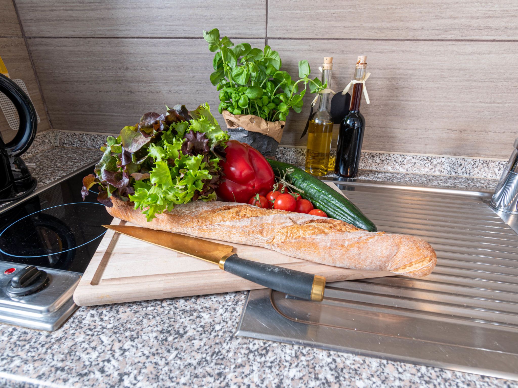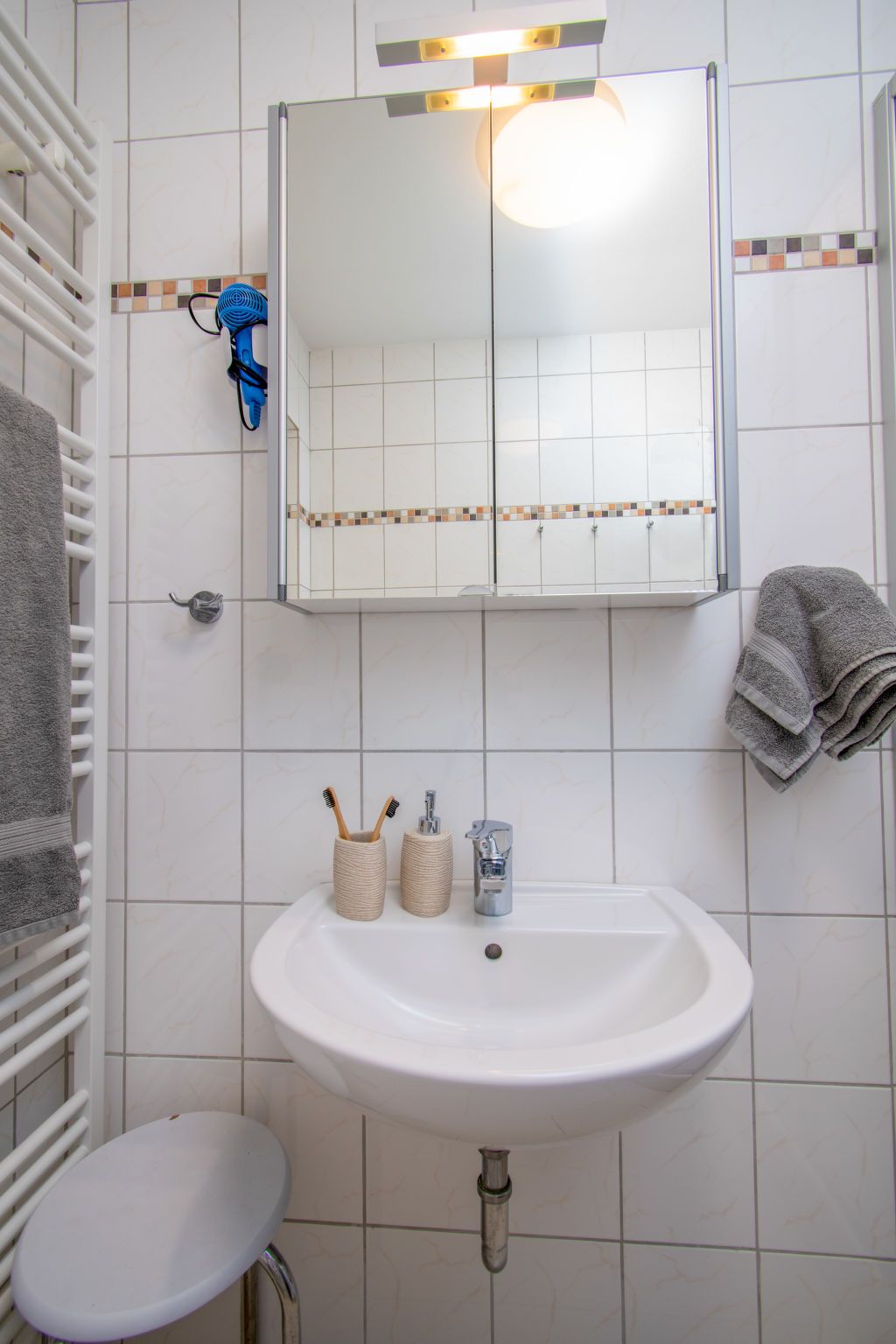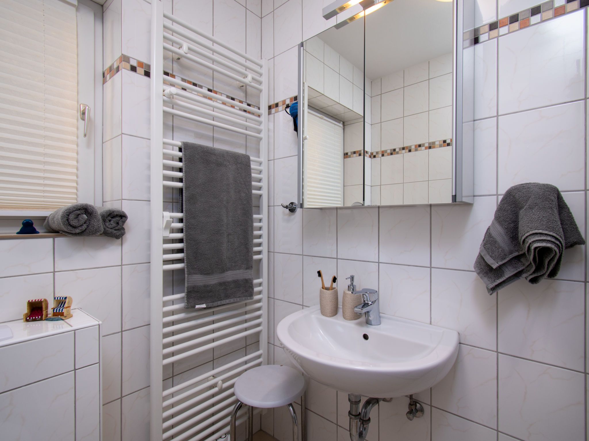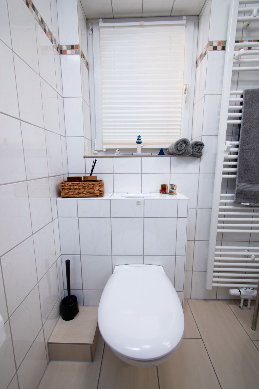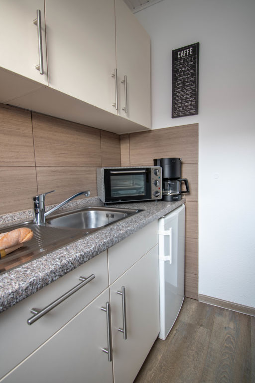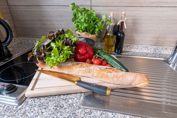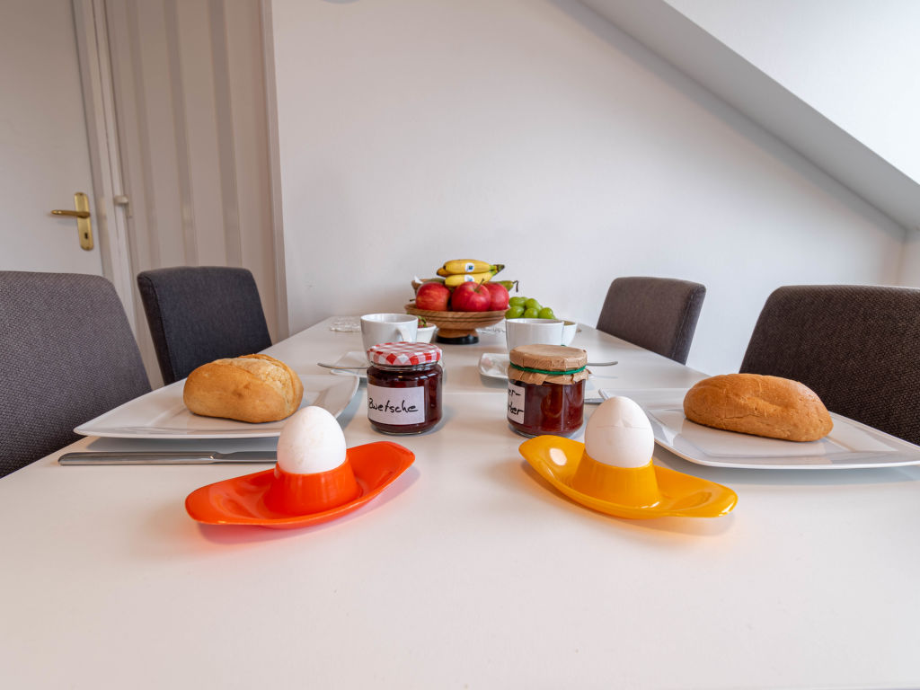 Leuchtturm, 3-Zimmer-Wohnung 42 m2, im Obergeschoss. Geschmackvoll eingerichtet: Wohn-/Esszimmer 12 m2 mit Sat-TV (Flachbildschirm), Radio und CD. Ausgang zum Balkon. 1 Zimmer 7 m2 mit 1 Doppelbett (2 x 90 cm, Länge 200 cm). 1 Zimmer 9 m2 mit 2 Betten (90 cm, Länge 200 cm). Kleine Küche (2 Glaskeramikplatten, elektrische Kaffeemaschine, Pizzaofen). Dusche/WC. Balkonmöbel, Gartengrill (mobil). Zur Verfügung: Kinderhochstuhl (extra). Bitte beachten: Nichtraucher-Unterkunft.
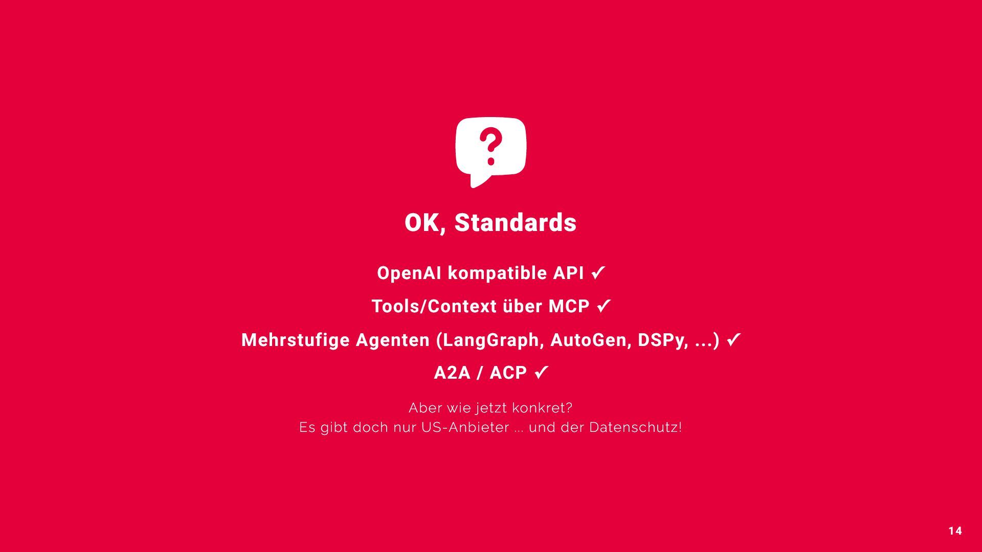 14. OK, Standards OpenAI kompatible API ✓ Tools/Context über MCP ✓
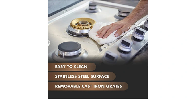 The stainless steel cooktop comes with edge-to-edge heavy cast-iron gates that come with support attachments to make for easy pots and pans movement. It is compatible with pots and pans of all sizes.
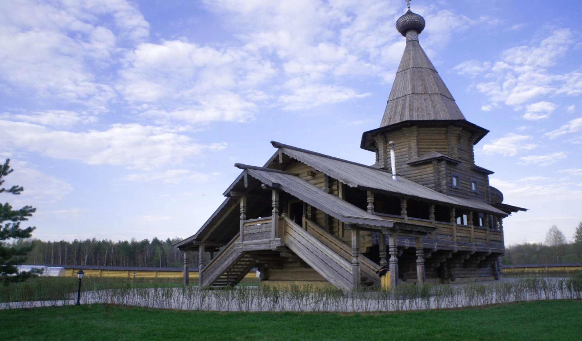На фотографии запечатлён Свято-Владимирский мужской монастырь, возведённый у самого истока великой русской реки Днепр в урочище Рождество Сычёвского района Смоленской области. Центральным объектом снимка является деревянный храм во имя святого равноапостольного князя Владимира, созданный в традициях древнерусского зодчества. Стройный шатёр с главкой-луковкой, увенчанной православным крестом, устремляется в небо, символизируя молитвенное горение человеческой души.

--

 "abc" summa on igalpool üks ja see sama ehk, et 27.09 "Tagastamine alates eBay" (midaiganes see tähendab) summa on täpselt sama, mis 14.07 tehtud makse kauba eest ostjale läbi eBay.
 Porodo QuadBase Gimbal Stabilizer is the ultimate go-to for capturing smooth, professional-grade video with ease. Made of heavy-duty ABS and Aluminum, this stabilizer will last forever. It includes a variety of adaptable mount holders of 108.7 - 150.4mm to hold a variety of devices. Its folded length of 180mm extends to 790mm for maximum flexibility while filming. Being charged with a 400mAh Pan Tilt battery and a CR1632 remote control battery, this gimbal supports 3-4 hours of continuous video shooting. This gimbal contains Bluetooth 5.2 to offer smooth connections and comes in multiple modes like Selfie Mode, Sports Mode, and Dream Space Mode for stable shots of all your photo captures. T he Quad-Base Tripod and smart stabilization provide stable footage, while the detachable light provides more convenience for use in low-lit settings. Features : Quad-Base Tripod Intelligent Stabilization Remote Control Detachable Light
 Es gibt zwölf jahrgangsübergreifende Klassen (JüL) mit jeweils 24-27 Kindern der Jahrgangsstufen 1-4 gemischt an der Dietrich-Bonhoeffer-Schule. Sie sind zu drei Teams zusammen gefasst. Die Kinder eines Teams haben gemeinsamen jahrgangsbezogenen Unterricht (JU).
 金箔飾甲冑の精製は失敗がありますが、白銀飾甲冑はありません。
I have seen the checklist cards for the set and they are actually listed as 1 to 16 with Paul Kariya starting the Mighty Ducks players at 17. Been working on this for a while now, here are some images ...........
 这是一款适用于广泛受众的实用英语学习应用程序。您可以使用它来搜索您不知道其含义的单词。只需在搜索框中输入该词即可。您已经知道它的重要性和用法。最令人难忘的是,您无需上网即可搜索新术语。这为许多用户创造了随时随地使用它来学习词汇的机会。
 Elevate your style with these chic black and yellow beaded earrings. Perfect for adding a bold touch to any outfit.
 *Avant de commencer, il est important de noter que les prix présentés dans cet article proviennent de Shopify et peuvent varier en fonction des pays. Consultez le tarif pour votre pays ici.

...

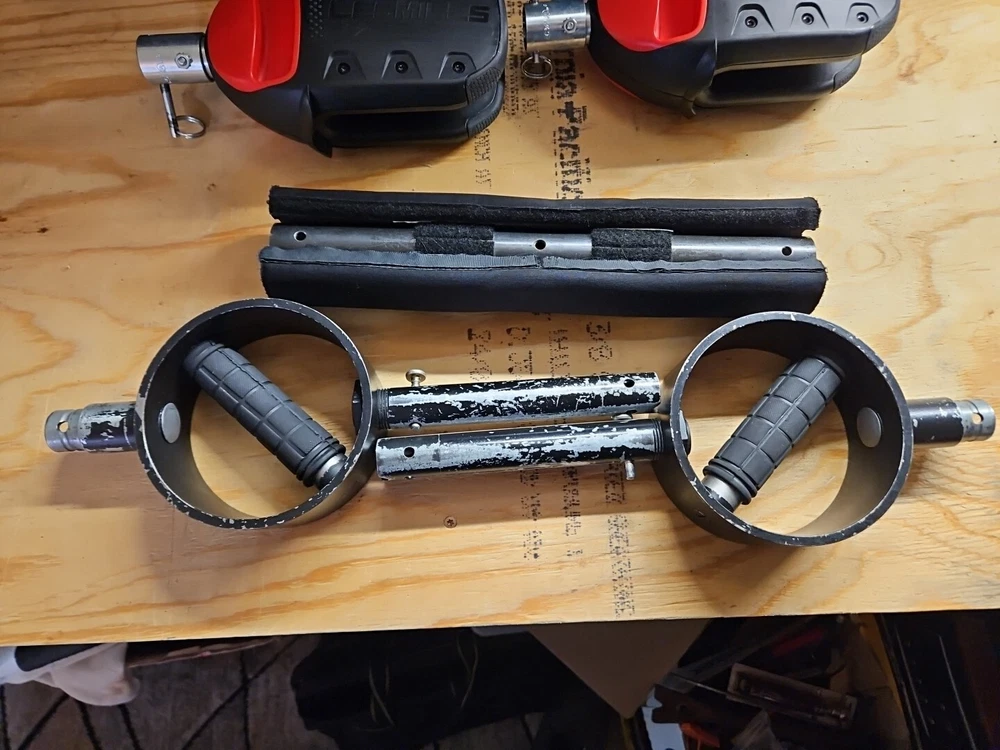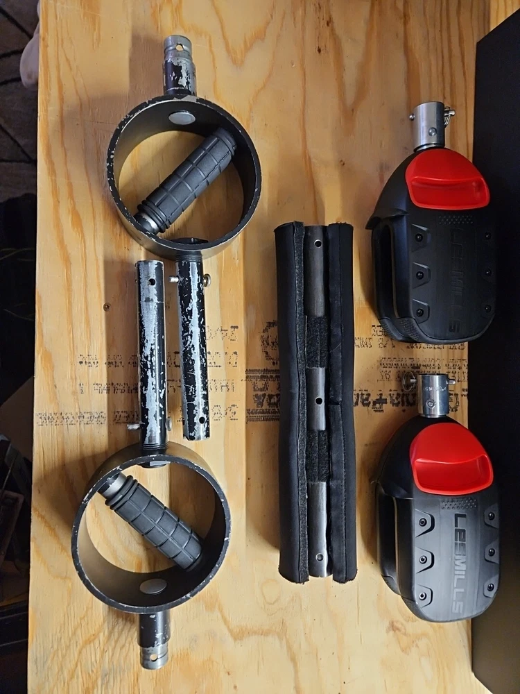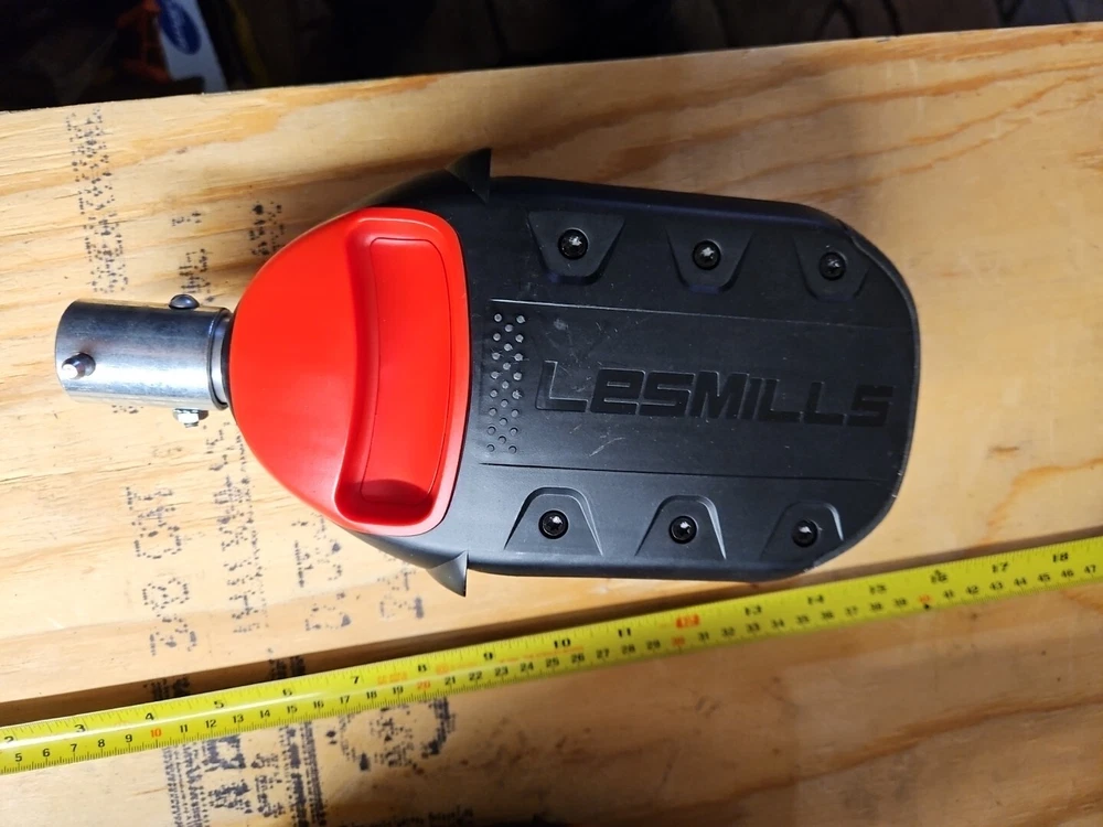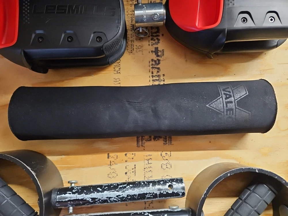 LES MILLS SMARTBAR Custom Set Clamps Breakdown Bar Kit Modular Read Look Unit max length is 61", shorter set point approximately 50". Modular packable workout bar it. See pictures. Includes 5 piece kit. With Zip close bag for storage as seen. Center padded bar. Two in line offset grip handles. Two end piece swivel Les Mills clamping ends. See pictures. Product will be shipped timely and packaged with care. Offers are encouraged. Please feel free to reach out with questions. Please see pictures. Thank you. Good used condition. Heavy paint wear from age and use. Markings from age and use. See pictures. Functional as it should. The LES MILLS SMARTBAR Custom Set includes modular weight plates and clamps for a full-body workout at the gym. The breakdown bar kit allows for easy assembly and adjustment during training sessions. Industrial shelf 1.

* **Description of the task**
Word for word, restate the lines of the data above that fall between the line holding "金箔飾甲冑の精製は失敗がありますが、白銀飾甲冑はありません。" and the line holding "votre pays ici.", inclusive, and no other lines.

* **Task response**
 金箔飾甲冑の精製は失敗がありますが、白銀飾甲冑はありません。
I have seen the checklist cards for the set and they are actually listed as 1 to 16 with Paul Kariya starting the Mighty Ducks players at 17. Been working on this for a while now, here are some images ...........
 这是一款适用于广泛受众的实用英语学习应用程序。您可以使用它来搜索您不知道其含义的单词。只需在搜索框中输入该词即可。您已经知道它的重要性和用法。最令人难忘的是,您无需上网即可搜索新术语。这为许多用户创造了随时随地使用它来学习词汇的机会。
 Elevate your style with these chic black and yellow beaded earrings. Perfect for adding a bold touch to any outfit.
 *Avant de commencer, il est important de noter que les prix présentés dans cet article proviennent de Shopify et peuvent varier en fonction des pays. Consultez le tarif pour votre pays ici.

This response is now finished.